PROBLEM DESCRIPTION:
Look in the data below for the line that has "This Year 3,380", then print exactly every line from there through the line that has "6220-755 supplied as", leaving pictures out.

=== Section Start ===

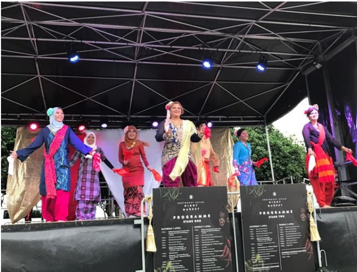
Colourful performances by Asiatic Dancers (comprising some Malaysian students in Wellington)

The High Commission of Malaysia in Wellington also set up the PERWAKILAN Wellington food booth to promote Malaysian food namely its iconic nasi lemak, karipap, roti chanai and kari ayam. In addition, Asiatic Dancers, comprising seven Malaysian students from the University of Victoria in Wellington represented Malaysia in entertaining the crowd with their medley of cultural dances from Malaysia. Many Kiwis expressed their delight in tasting the food and appreciating the dances that came from Malaysia, while acknowledging the 60 years of diplomatic relations between Malaysia and New Zealand.
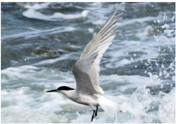
Sandwich Tern – MSBO, Kintyre 17 May.
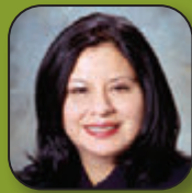
Consuelo Castillo Kickbusch
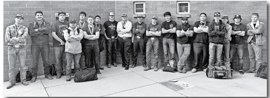
A group photo of all students participating in Region 3 SkillsUSA.
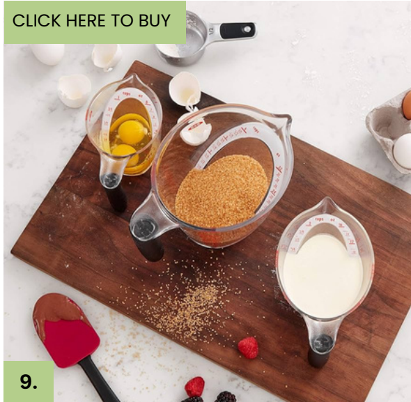
OXO GOOD GRIPS 3-PIECE ANGLED MEASURING CUP SET
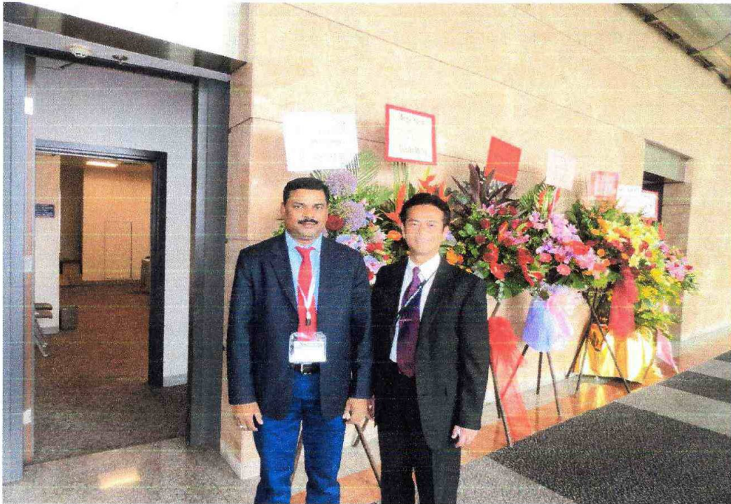
The show manager is Comasia Limited and Mega Expo (Hong Kong) Limited

This Year 3,380 exhibitions in more than 4,500 stands from over 30 countries and regions including Australia, Bangladesh, Czech Republic, France, Germany, Hong Kong, India, Indonesia, Ireland, Israel, Italy, Japan, Malaysia, Mexico, Myanmar, The Netherlands, Nepal, Pakistan, the Philippines, Russia, South Korea, Spain, Sri Lanka, Taiwan Thailand, Turkey, United Kingdom, the USA and Vietnam are presenting their new design and latest innovations.
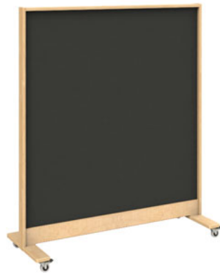
V25-L Screen, chalkboard
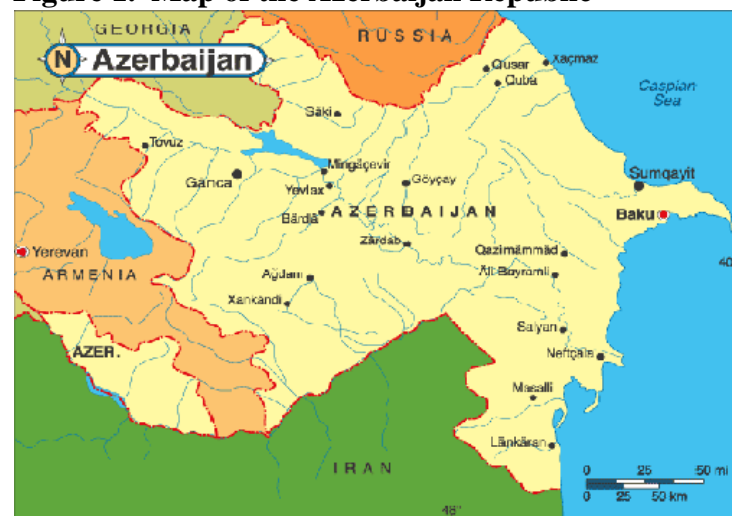
Figure 1. Map of the Azerbaijan Republic

The independence of the Azerbaijan Republic was recognized by the United States on December 25, 1991 and diplomatic relations were established on February 28, 1992. A significant part of economic relations between both countries is concentrated in
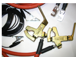
6220-756 10m Lead set

6220-755 supplied as standard with DLRO600-EN and DLRO600-FR
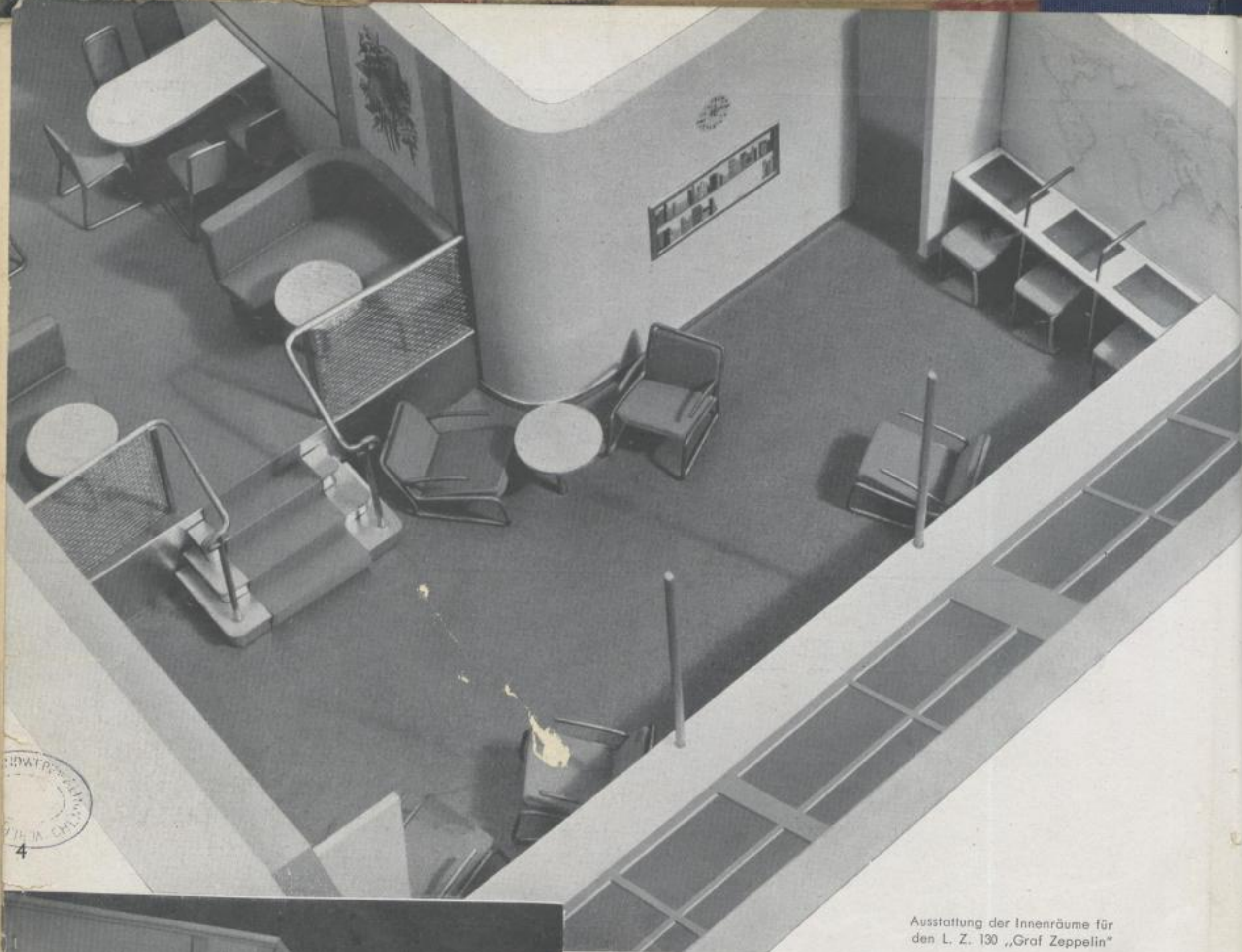
Ausstattung der Innenräume für den L. Z. 130 „Graf Zeppelin“

Interior decoration for the airship L. Z. 130 "Graf Zeppelin"
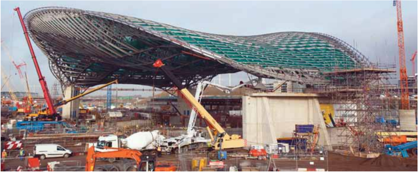
The Aquatics Centre.

=== Section End ===

TASK ANSWER:
This Year 3,380 exhibitions in more than 4,500 stands from over 30 countries and regions including Australia, Bangladesh, Czech Republic, France, Germany, Hong Kong, India, Indonesia, Ireland, Israel, Italy, Japan, Malaysia, Mexico, Myanmar, The Netherlands, Nepal, Pakistan, the Philippines, Russia, South Korea, Spain, Sri Lanka, Taiwan Thailand, Turkey, United Kingdom, the USA and Vietnam are presenting their new design and latest innovations.
V25-L Screen, chalkboard
Figure 1. Map of the Azerbaijan Republic

The independence of the Azerbaijan Republic was recognized by the United States on December 25, 1991 and diplomatic relations were established on February 28, 1992. A significant part of economic relations between both countries is concentrated in
6220-756 10m Lead set

6220-755 supplied as standard with DLRO600-EN and DLRO600-FR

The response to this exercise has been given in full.